Rendy Ismail juga mengatakan, hal lain yang bisa diperjuangkan Kaltim adalah otonomi khusus seperti yang didapatkan Nangroe Acheh Darussalam dan Papua. Bahkan UU Nomor 33 sendiri masih bisa diubah dengan revisi oleh DPR.
"Tinggal bagaimana Kaltim menggerakkan anggota-anggota DPR untuk mengajukan hak inisiatif guna perubahan undang-undang tersebut," lanjut Rendy yang ditemui di acara Sosialisasi Empat Pilar Berbangsa dan Bernegara di Hotel Yayang, Sekretariat Rumah Aspirasi bagi anggota Komisi V DPR RI asal Kaltim Hetifah Sjaifudian.
Ia juga menegaskan bahwa pengajuannya harus dengan hak inisiatif dari DPR karena bila menunggu dari pemerintah, kemungkinannya sangat kecil.
Perjuangan menjadi daerah istimewa memiliki beberapa dasar, terutama dari aspek sejarah.

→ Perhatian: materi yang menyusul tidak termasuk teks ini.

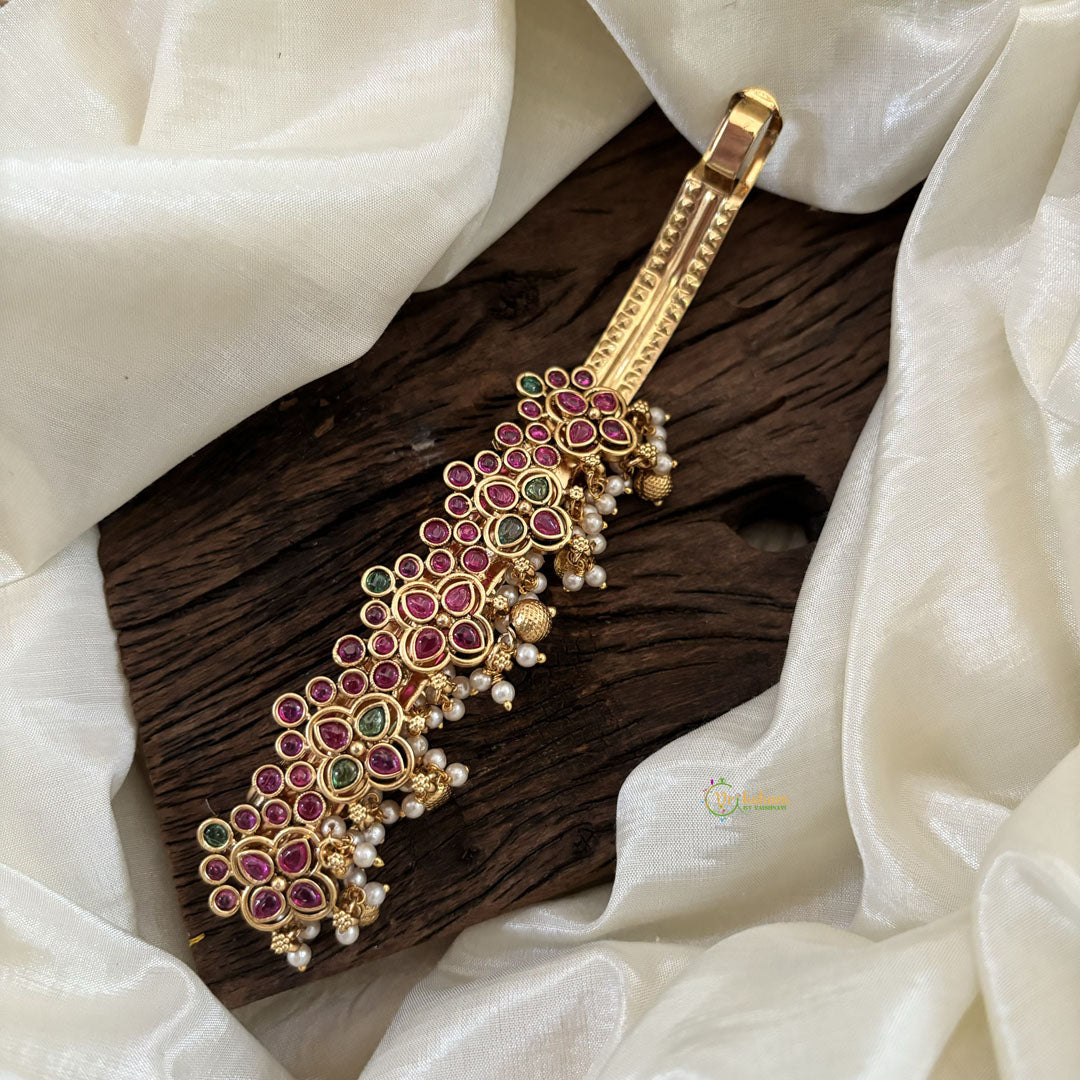 Premium Gold Look Alike Hair clip -Red and Green Stone -Gold Bead hair clip for festive braids and hairstyling.

Kaltim sekarang adalah wilayah Kerajaan Kutai, dan ketika Islam masuk menjadi Kesultanan Kutai, kerajaan yang diketahui sebagai kerajaan tertua di Indonesia.
"Kutai dengan sukarela bergabung dengan Indonesia salah satunya karena janji Presiden Soekarno untuk menjadikannya sebagai Daerah Istimewa Kutai," cerita Rendy Ismail yang juga Ketua Kamar Dagang dan Industri (Kadin) Balikpapan itu.

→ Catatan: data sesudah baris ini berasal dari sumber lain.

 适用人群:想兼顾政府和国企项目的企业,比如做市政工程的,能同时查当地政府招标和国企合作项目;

Dengan menjadi daerah istimewa, Kutai yang kaya sumber daya alam berharap mendapat hak-hak istimewa pula, terutama dalam pengelolaan sumber daya alam yang dimilikinya.
Demikian pula halnya dengan otonomi khusus. Sebagai daerah yang memiliki itu, Aceh dan Papua mendapatkan bagi hasil hingga 70 persen dari pengelolaan sumber daya alamnya sementara Kaltim yang tidak otonomi khusus hanya mendapat 15 persen.
Padahal Kaltim adalah daerah penghasil minyak dan gas seperti Papua dan Acheh dan menyumbang hingga Rp400 triliun per tahun kepada pemerintah pusat.
Tentang 15 persen jatah Kaltim dari migas itu sendiri disebutkan oleh banyak ahli perminyakan, terutama Dr Kurtubi dari Universitas Indonesia, sebagai angka yang tidak ada dasar kajiannya.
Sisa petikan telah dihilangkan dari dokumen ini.